___ Extracted data

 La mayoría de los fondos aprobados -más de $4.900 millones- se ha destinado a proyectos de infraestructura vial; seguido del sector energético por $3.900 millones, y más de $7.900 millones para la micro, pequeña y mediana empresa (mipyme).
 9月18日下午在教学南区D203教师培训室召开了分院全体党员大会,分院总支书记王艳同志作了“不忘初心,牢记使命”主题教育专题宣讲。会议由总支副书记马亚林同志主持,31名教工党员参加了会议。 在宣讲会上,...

______
___ Extracted data

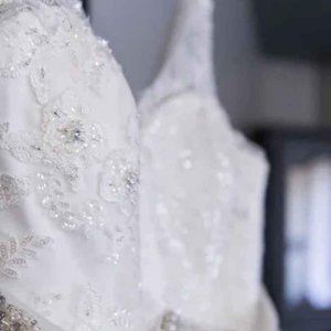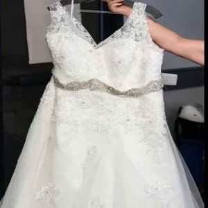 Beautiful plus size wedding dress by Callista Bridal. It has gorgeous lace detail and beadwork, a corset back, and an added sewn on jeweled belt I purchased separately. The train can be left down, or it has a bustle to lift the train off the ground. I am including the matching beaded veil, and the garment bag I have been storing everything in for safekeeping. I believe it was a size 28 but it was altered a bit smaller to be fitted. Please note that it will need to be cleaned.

______
___ Extracted data

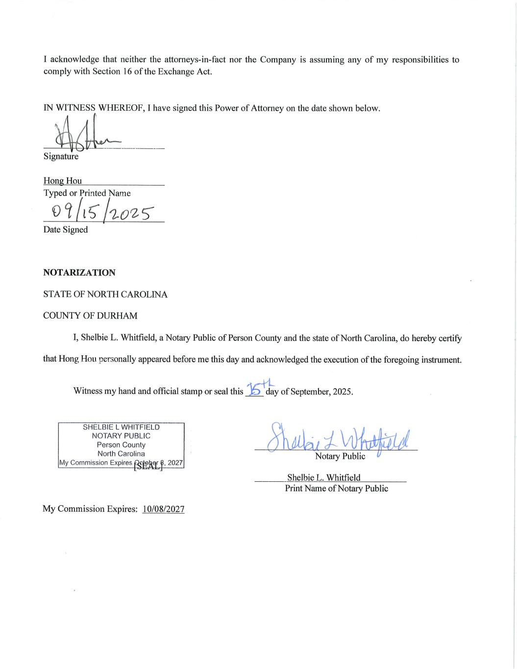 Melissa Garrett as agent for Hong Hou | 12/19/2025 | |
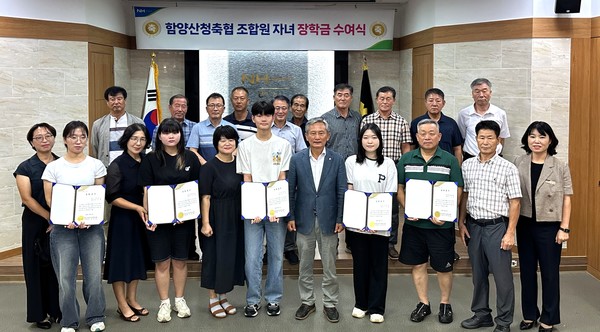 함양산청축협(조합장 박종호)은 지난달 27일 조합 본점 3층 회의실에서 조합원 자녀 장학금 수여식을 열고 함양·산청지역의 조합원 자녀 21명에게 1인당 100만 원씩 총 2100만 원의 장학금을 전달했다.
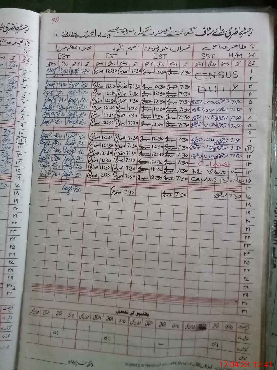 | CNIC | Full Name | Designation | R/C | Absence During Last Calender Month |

______

=== Assignment ===
Would you please write out, exactly and with no other lines, the stretch of the listing above from the line containing "La mayoría de" through the line containing "9月18日下午在教学南区D2"?

=== Result ===
 La mayoría de los fondos aprobados -más de $4.900 millones- se ha destinado a proyectos de infraestructura vial; seguido del sector energético por $3.900 millones, y más de $7.900 millones para la micro, pequeña y mediana empresa (mipyme).
 9月18日下午在教学南区D203教师培训室召开了分院全体党员大会,分院总支书记王艳同志作了“不忘初心,牢记使命”主题教育专题宣讲。会议由总支副书记马亚林同志主持,31名教工党员参加了会议。 在宣讲会上,...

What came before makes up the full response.